Exercise aim » Please repeat, exactly as they stand, the line containing "طقم اسكملات/2 مدور" and the lines after it through the final line of the listing below, minus pictures.

Dataset excerpt »
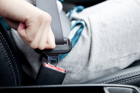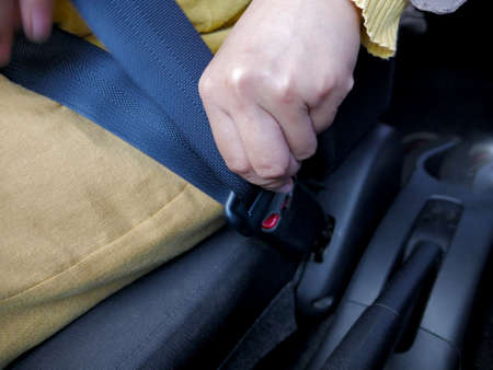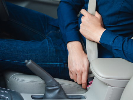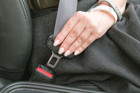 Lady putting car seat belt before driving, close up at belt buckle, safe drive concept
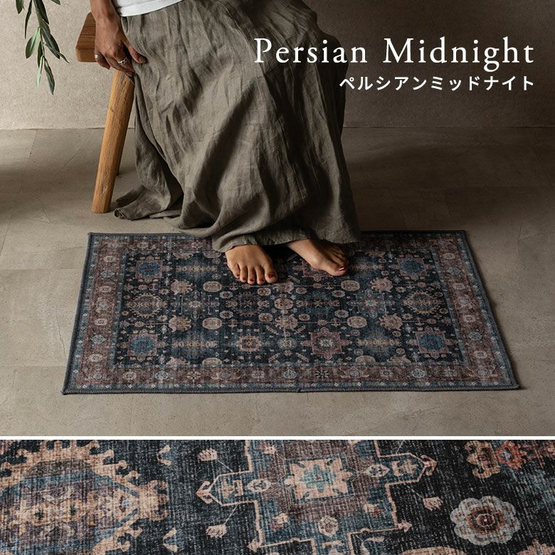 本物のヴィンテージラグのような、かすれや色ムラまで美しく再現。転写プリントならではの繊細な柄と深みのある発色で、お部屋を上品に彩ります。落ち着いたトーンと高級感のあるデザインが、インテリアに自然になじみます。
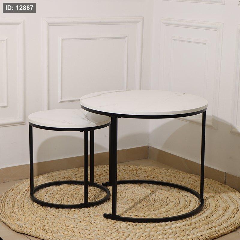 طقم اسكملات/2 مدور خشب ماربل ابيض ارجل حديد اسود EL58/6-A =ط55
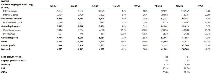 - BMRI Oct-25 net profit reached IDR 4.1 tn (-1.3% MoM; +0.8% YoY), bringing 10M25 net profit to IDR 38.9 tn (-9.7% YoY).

Your solution »
 طقم اسكملات/2 مدور خشب ماربل ابيض ارجل حديد اسود EL58/6-A =ط55
 - BMRI Oct-25 net profit reached IDR 4.1 tn (-1.3% MoM; +0.8% YoY), bringing 10M25 net profit to IDR 38.9 tn (-9.7% YoY).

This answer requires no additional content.